Grant project for eVital Records a national success
Minnesota’s ground-breaking collaborative project to electronically exchange birth record information from an electronic health record (EHR) to the birth record in MR&C is complete.
During the two-year project, a diverse team of Centers for Disease Control and Prevention (CDC), MDH and hospital staff members examined existing birth registration processes and systems and documented discrepancies, redundancies and opportunities for improvement through the electronic transfer of data. The pinnacle of the project allowed for testing, and demonstrated secure electronic data exchange using HL7 standards, showing what is possible for birth registration.
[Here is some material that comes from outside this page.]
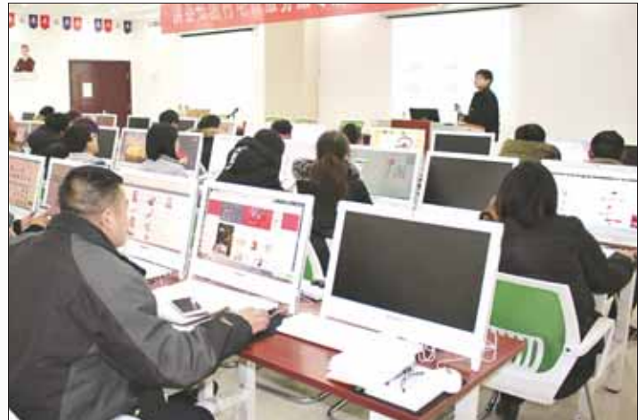
淇县举办电商服务点专题培训班,全县27个贫困村“两委”干部、村级电商服务点负责人、京东淇县特色馆、阿里巴巴淘宝店及电商典型代表等50余人参加了培训。

高质量实现利益联结。 制订了《创新产业扶贫利益联结机制,加强产业扶贫实施方案》,因地制宜,创新实施直接帮扶模式、合作帮扶模式、资产收益模式、社会帮扶模式和项目带动模式,根据贫困户自身条件和脱贫需求,合理选择相应的联结纽带,按照互利共赢的原则,确定贫困户与新型农业经营主体、村集体经济同步增收的股份联结、订单联结、劳务联结、租赁联结等利益分配方式。淇滨区上峪乡桑园村打造的旅游综合体,以股份联结的利益分配方式,年增加村集体经济收入50万元,带动周边3个村400多户贫困户脱贫。

These demonstrations occurred at several conferences for hospital administrators, Information Technology staff, the National Center for Health Statistics (NCHS), international officials and other states and jurisdictions.
The response to the project was overwhelmingly positive.
However, what is possible is different from what we can currently accomplish in our day-to-day registration. The Office of Vital Records (OVR) and Minnesota hospitals are still early in the journey to complete electronic interoperability. Even with agreement from hospitals and public health agencies, more work is necessary to ready Minnesota’s birth registration for eVitals adaptation and implementation.
Every change or improvement requires an initial investment before it can be implemented. This project was one of those early activities and it generated awareness and interest among important stakeholders. But hospitals, clinics and state agencies are already scrambling to keep up with many national and local mandates that take priority over eVital records implementation.
OVR will continue to ready the path. In fact, the final analysis led the project team to recommend future legislative mandates or financial incentives to help electronic records vendors, hospitals and state agencies move closer to interoperability and standard processes that incorporate eVital best practices. Certainly there is more to come.
If you’d like to learn more about what we learned and our recommendations for eVitals, contact sally.almond@state.mn.us for a copy of the final report.
New Contract with the Social Security Administration
The Minnesota Department of Health (MDH), Office of Vital Records (OVR), along with 56 other jurisdictions, recently signed a new, five-year contract with the Social Security Administration (SSA) to continue with the Enumeration at Birth (EAB) program.
The EAB is a voluntary program in which parents agree to allow OVR to share demographic information from a birth record with the SSA for an automatic Social Security Number for their newborn child. More than 96 percent of parents choose to participate in the EAB program.
OVR sends a data file each week to SSA. Files with problems such as “Baby Girl" or "Baby Boy” as names, extra spaces, or a space before and after a hyphen will not qualify for EAB even when a parent chooses EAB. For tips and information that will help you talk to parents about EAB, please visit the Social Security website.
The site contains interesting information about Social Security, including information for adoptive parents; name changes; and replacing lost or stolen cards.